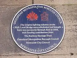 West side of the central pier, High Level Bridge[43] | 2008 | Plaque commemorating the original lamps which still span the length of the bridge. A£171,000 project to restore these and convert them from gas to electric was completed in 2008 as part of a wider £40m bridge restoration project. The completed work was awarded a Grand Prize Europa Nostra Award in 2009.[46][47] |
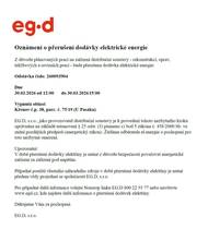 Přerušení dodávky elektrické energie - 30. 3. 2026 - Křenov čp. 38
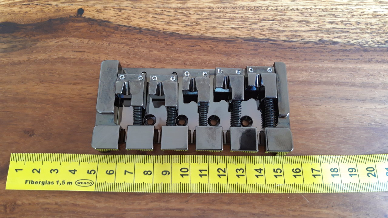 Nie benutzt, weil ich mich verkauft habe. Glaube 19,3mm String spacing an den Reitern, war zuviel. Ich bevorzuge 18mm. Daher geht die Brücke weg. Kann bei Bedarf gerne noch mal nachmessen.
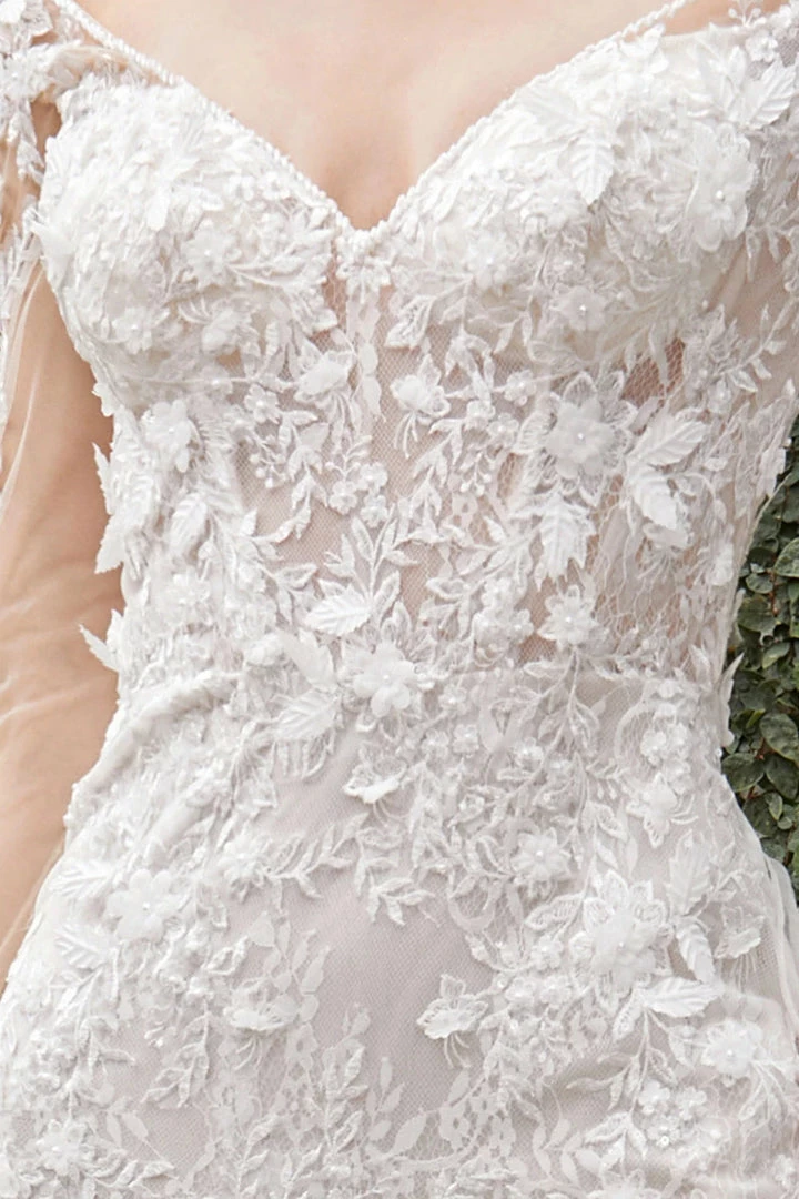 Andrea & Leo Couture GISELLE A1073 Lace Long Sleeve Mermaid Wedding Dress Bridal Gown Giselle is the dream bohemia. It features a beautiful lacework with 3D blossoms appliqued over chantilly lace. Brides looking for sleeves will love the sheer sleeve with ruffle cuff & flattering lace placement along the outer arm. Wide V neckline with delicate beading is breathtakingly romantic as it continues into a sheer deep U back with waist slimming lace placement.Â
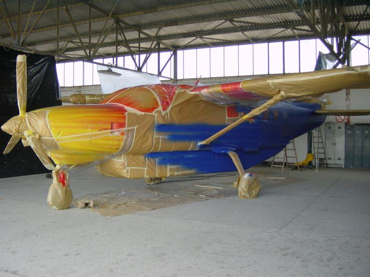 In Stockerau war's soweit, Werner Spitzer hat eine Cessna Caravan verbuntet. Das erste Abenteuer war das Hangarieren der Caravan, da das Leitwerk höher ist als unsere Tore. Das zweite Abenteuer, das Einräumen unserer eigenen Flieger im Hangar, welcher normalerweise nicht gerade gähnend leer ist. Nach dem Aufschleifen des Vogels, Grundierung und gelbe Untergrundfarbe. Die weiteren Stufen sind mit Bildern dokumentiert... Zum Rollout hat sich auch das Bundesheer eingefunden, ein kleines PT-6 Treffen (../newssystem/imagesNews/old_archive/images/pt6asmall.asp)
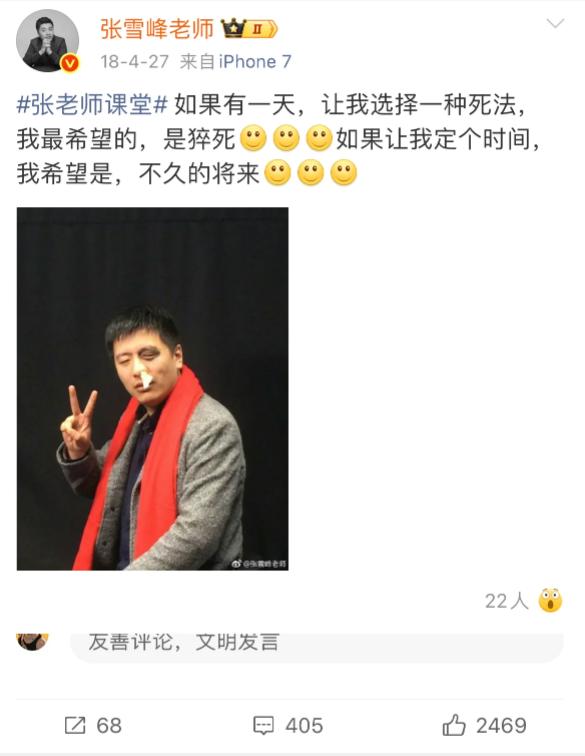 看到张雪峰18年4月27日发的一个状态, 我告诉家人三个决定: 1、平时不要说不吉利的话,有些玄学不得不信,人有时候就想心想事成,因此前辈的习惯总是好的,逢人对事都要挑好的话来说,如果不小心说坏话要自掌嘴巴,要撤回。更不好把不吉利的话公开发,尤其是社交媒体,能量这东西很玄乎。 2、不要半路开香槟!有人还是发现,张雪峰现在的状态太狂了,每天更新状态,每天直播就感觉他很飘,仿佛自己的人生就是开了挂一般,好像已经赢了一样,要知道,人一生不是短跑,而是长跑,小心驶得万年船,人生才过半而已。 3、保持健康的作息和适当的运动,张雪峰每天把微博当日记写,把直播当家常便饭,已经把工作当作生活了,而这些是用牺牲睡眠时间和每天吃外卖换来的,前辈们天天唠叨吃新鲜菜是有道理的,然而张雪峰已经40多了,反而天天吃外卖,作息比年轻人还差。
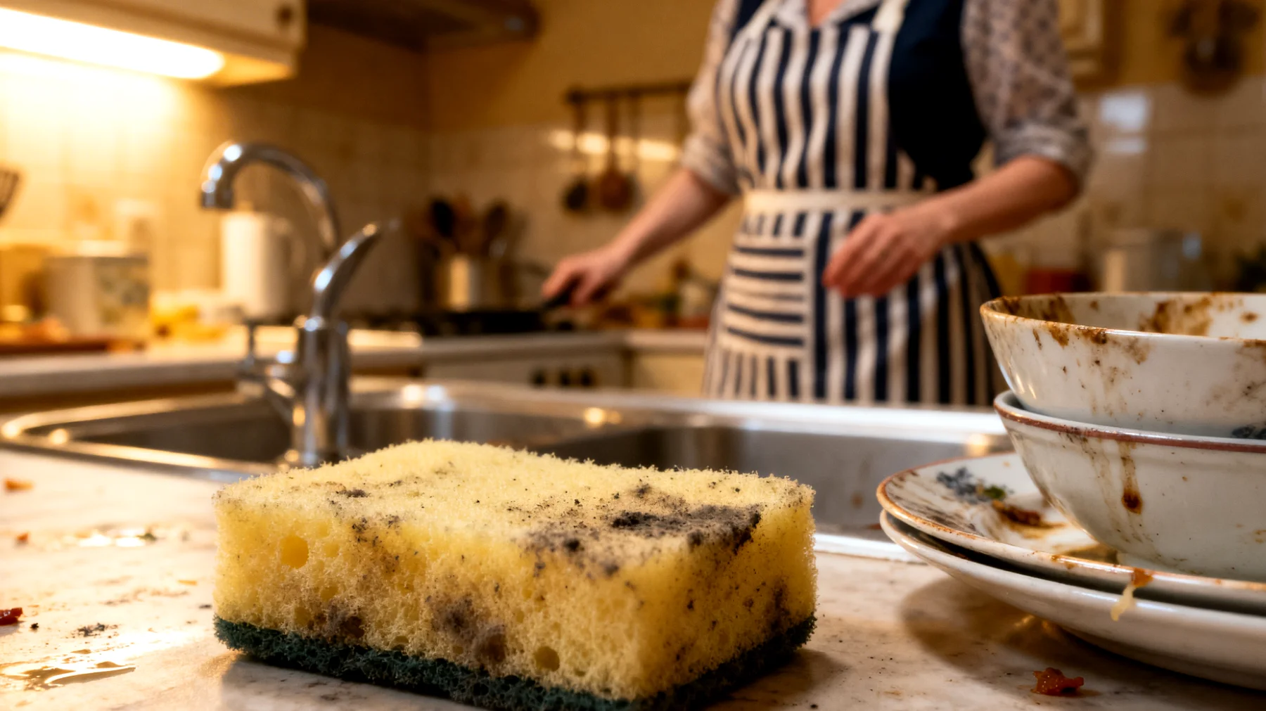 Ces mauvaises odeurs ne sont pas uniquement désagréables, elles signalent aussi un problème hygiénique potentiellement plus grave. Les éponges contaminées peuvent transférer les bactéries sur d’autres surfaces, transformant les comptoirs et les ustensiles de cuisine en points chauds microbiens. Le phénomène de contamination croisée, largement documenté dans la littérature scientifique sur la sécurité alimentaire, trouve dans l’éponge de cuisine l’un de ses vecteurs les plus efficaces et les plus insoupçonnés.
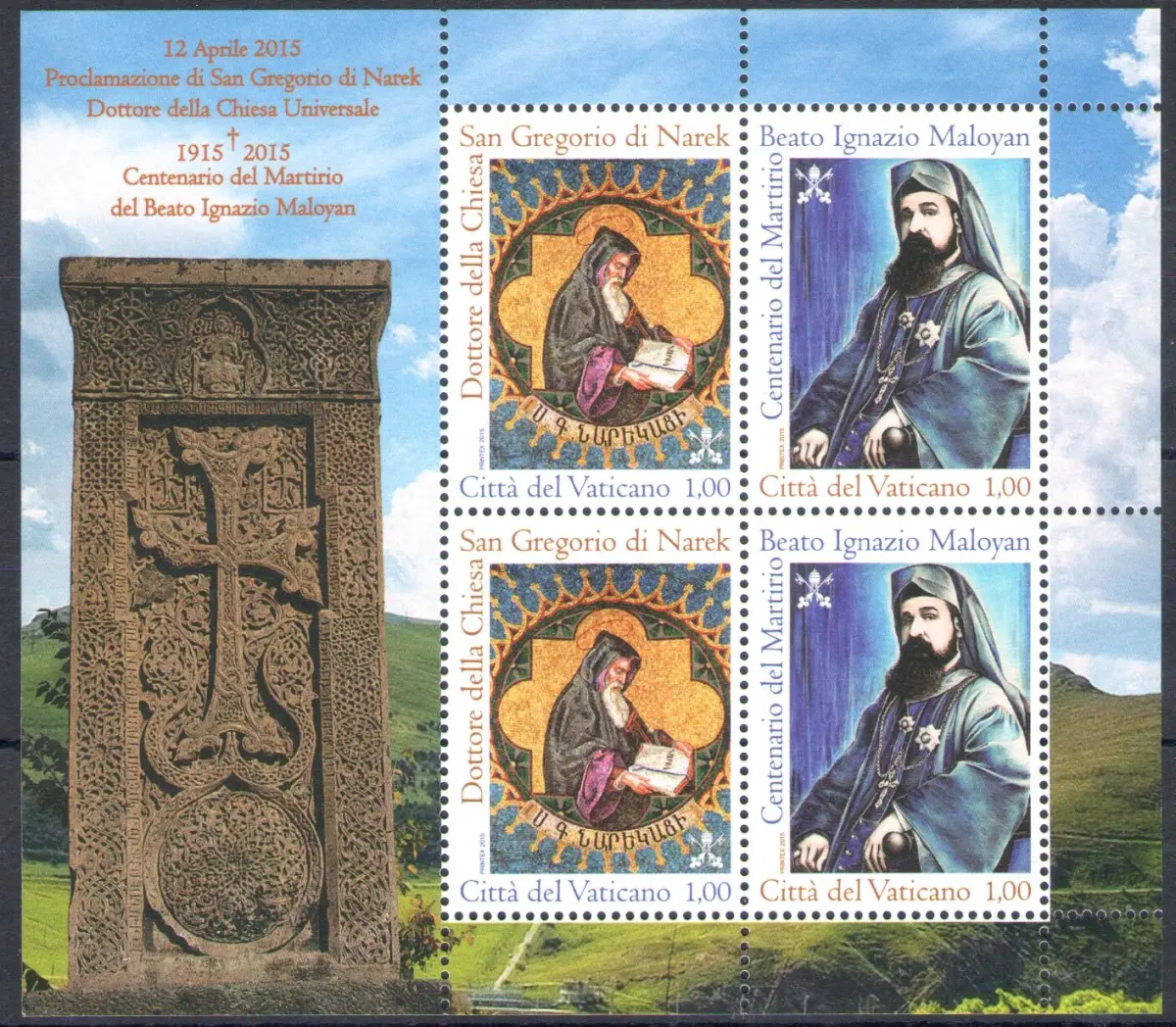 2015 Vatikan, Gregor von Narek und Märtyrer Ignatius Maloyan, Nr. 1706-07 Kleinbogen mit 2 Paaren postfrisch **
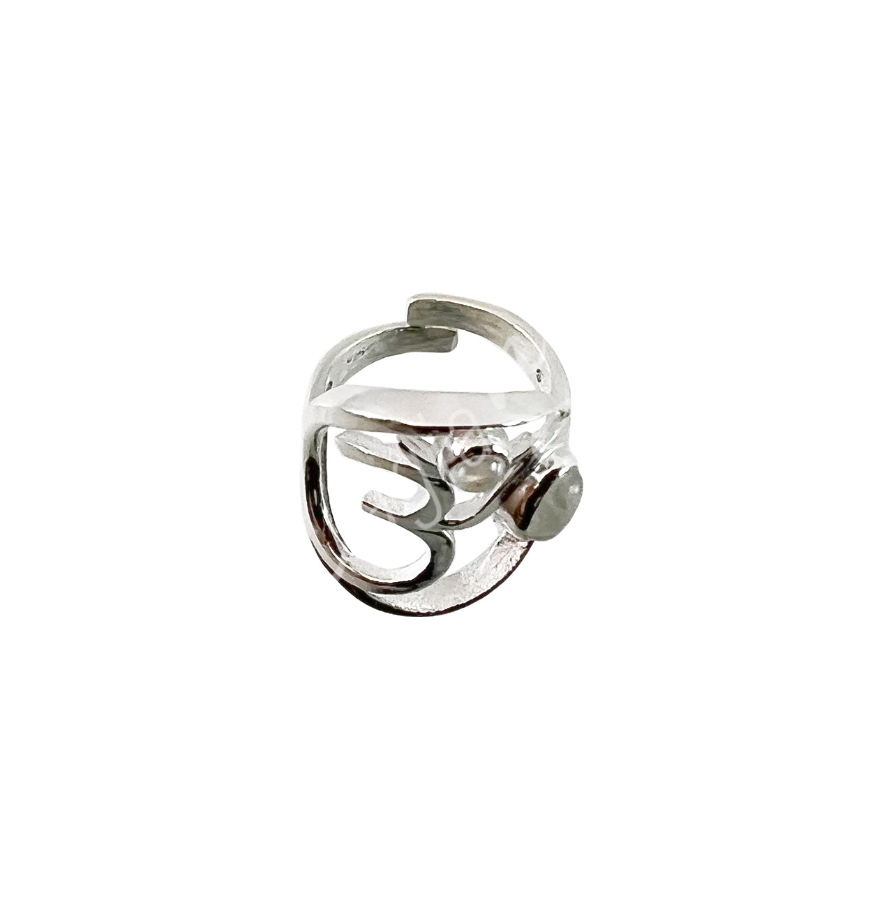 This adjustable ring is shaped into a OM design and is adorned with Rainbow Moonstone.
※ ※ ※
Leave out the pictures, and retype exactly the lines from the one containing "2015 Vatikan, Gregor" through the last line of the data above, no more and no less.

Exercise solution:
 2015 Vatikan, Gregor von Narek und Märtyrer Ignatius Maloyan, Nr. 1706-07 Kleinbogen mit 2 Paaren postfrisch **
 This adjustable ring is shaped into a OM design and is adorned with Rainbow Moonstone.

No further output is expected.